The 3 Rs of visibility for any cloud journey
Dealing with an incident requires not just prompt notification of the incident, but the ability to triage the cause of the incident, the ability to carry out forensics, identify what other systems, users, devices and applications have been compromised or impacted by the incident, identifying the magnitude or impact of the incident, the duration of the activity that led to the incident, and many other factors.
In other words, notification of an incident is simply the first step in a complex journey that could lead to possibly unearthing a major cyberbreach, or perhaps writing off a completely benign non-incident.
While Security Orchestration Automation and Response (SOAR) solutions help automate and structure these activities, the activities themselves require telemetry data that provide the breadcrumbs to help scope, identify and potentially remedy the situation. This takes increasing significance in the cloud for a few reasons:
- The public cloud shared security model may lead to gaps in the telemetry (e.g., lack of telemetry from the underlying infrastructure that could help correlate breadcrumbs at the infrastructure level to the application level).
- Lack of consistency in telemetry information as applications increasingly segment into microservices, containers and Platform-as-a-Service, and as various modules come from different sources such as internal development, open source, commercial modules, and outsourced development.
- Misconfigurations and misunderstandings as control shifts between DevOps, CloudOps and SecOps.
- All the above coupled with a significant expansion of attack surface area with the decomposition of monolith applications into microservices.
When incidents occur, the ability to quickly size up the scope, impact and root cause of the incident is directly proportional to the availability of quality data, and its ability to be easily queried, analyzed, and dissected. As companies migrate to the cloud, logs have become the de-facto standard of gathering telemetry.
The challenges when relying almost exclusively on logs for telemetry
The first issue is that many hackers and bad actors turn off logging on the compromised system to cloak their activity and footprint. This creates gaps in telemetry that can significantly delay incident response and recovery initiatives. On occasion, DevOps teams may also reduce logging on end systems and applications to reduce CPU usage (and associated costs in the cloud), leading to additional gaps in telemetry data.
A second issue is that logs tend to be voluminous and, in many cases, written by developers for developers, leading to too much and perhaps irrelevant telemetry data. This drives up costs of storing and indexing that data, and to longer query times and more effort on the part of the incident responder sifting through that data.
Finally, log levels can be increased or decreased, but ultimately the logs themselves are pre-defined as they are embedded into code. Changing what information logs put out is not something that can be done in real-time or near real-time in response to an incident but may require code changes, leading to significant delays and impaired incident response capability.
The 3 Rs of telemetry
This leads us to the 3 Rs of telemetry – Reliable, Relevant, and Real-time.
To serve the needs of rapid response, telemetry data needs to be reliable, i.e., available when needed and without gaps introduced by malicious actors or even inadvertently by various operators due to misconfiguration or miscommunication.
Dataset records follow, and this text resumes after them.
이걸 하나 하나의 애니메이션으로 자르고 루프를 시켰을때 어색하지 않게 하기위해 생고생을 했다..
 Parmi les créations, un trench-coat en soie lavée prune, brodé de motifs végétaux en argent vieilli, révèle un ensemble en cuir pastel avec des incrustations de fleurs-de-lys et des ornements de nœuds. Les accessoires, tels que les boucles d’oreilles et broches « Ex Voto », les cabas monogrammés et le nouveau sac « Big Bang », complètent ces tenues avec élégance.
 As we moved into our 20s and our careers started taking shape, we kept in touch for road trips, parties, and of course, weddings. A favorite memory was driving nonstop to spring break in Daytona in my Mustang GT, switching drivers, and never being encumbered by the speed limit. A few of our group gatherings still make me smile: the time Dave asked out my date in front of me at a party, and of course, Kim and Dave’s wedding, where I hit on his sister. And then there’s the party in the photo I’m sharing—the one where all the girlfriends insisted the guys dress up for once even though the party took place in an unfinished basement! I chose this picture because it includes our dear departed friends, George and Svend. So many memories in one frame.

It needs to be relevant, i.e., it should provide meaningful actionable insights without significantly driving up costs or query times due to excessive, duplicate, and irrelevant information. And finally, it needs to be real-time, i.e., the stream of telemetry data can be changed, and new telemetry data or additional telemetry data can be derived at the click of a button.
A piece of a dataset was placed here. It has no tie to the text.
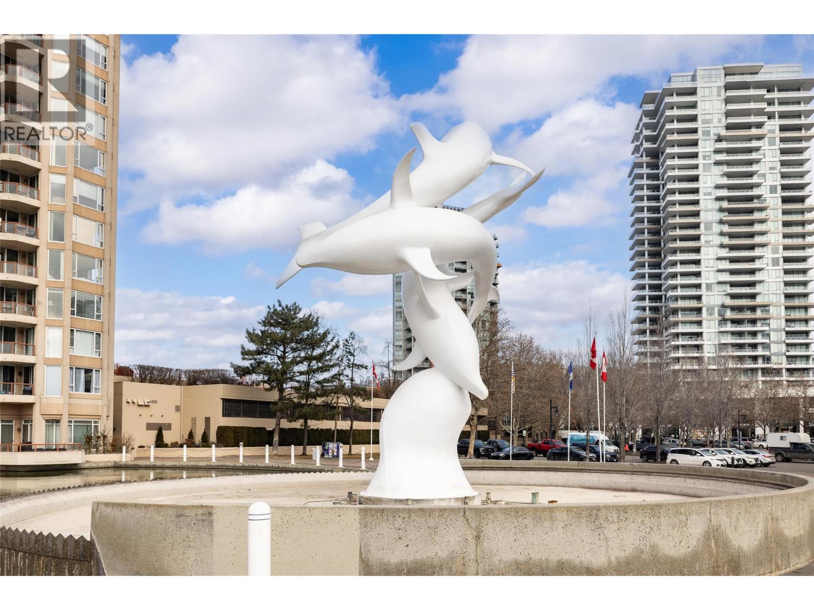 Iconic waterfront living in the heart of Kelowna’s Cultural District! Perfectly positioned on the waterfront, this beautiful two bedroom two bathroom lakeview condo offers a front-row seat to the very best of downtown Kelowna living. Inside, expansive walls of windows flood the home with natural light and frame views of Okanagan Lake, the bridge, the boardwalk, and the iconic Dolphins fountain below. The thoughtfully designed floor plan blends comfort and function, with a generous living area, ideal for both everyday living and entertaining. The kitchen features bar-style seating, under-cabinet lighting, ample cabinetry, and abundant counter space, seamlessly opening to the dining area where lake and city views elevate every meal. Step outside to not one, but two private patios, perfect for morning coffee, sunset dinners, or a glass of Okanagan wine as the city lights come alive. The primary bedroom is a true retreat, complete with a walk-in closet and a private ensuite, while the second bedroom and full bathroom provide flexibility for guests, a home office, or family. The Dolphins offers resort-style amenities including an outdoor pool, hot tub, tennis court, fitness centre, and immaculately maintained grounds. Right outside your doorstep you’ll find Kelowna’s Cultural District, with world-class dining, galleries, theatres, boutique shopping, and microbreweries just steps away. Walk to the beach, marina, yacht club, boardwalk, festivals, and waterfront parks, or simply enjoy the energy of downtown from your own balcony. Whether you’re seeking a full-time residence, a high-end urban retreat, or a premier waterfront investment, this is lakefront living at its most iconic, where culture, convenience, and the Okanagan lifestyle meet. (id:62999)

A great way to complement logs in the cloud and address the three Rs is with telemetry data derived from observing network traffic. After all, command and control activity, lateral movement of malware and data exfiltration happen over the network. If end systems or applications are compromised and logging is turned off at the server or application, network activity continues and can continue capturing breadcrumbs identifying the malicious activity.
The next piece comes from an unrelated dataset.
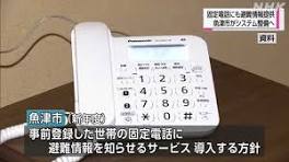 事前登録の固定電話にも避難情報提供 魚津市がシステム整備へ|NHK 富山県のニュース 【NHK】携帯電話やスマートフォンを持たない人にも避難情報などを伝えるため、魚津市は、事前に登録した固定電話を自動でならし情報提供するシステムを整備…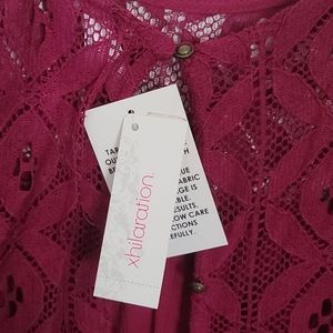 Purple tank top or cardigan wear it open or button up top part has lace brand new

Network-based telemetry can provide a reliable stream of information even when endpoints or end systems are compromised or impacted. Metadata generated from network traffic can be surgically tuned to provide a highly relevant and targeted telemetry feed.
Security operations teams can select from thousands of metadata elements specific to their use case, for example focusing on DNS metadata or metadata associated with remote desktop activity, and discard other network metadata that may not be relevant, thereby reducing cost and (equally important) being able to write targeted queries. And, should the need arise to expand or change what telemetry data is being acquired, it can be easily changed at the network level without requiring any change to the application. A simple API call can change what network metadata is being captured in near real time.
As organizations look to move to the cloud, complementing their log sources with network-based telemetry will prove invaluable in bolstering their security and compliance posture. In that sense network-based telemetry is an essential component in securing the move to the cloud.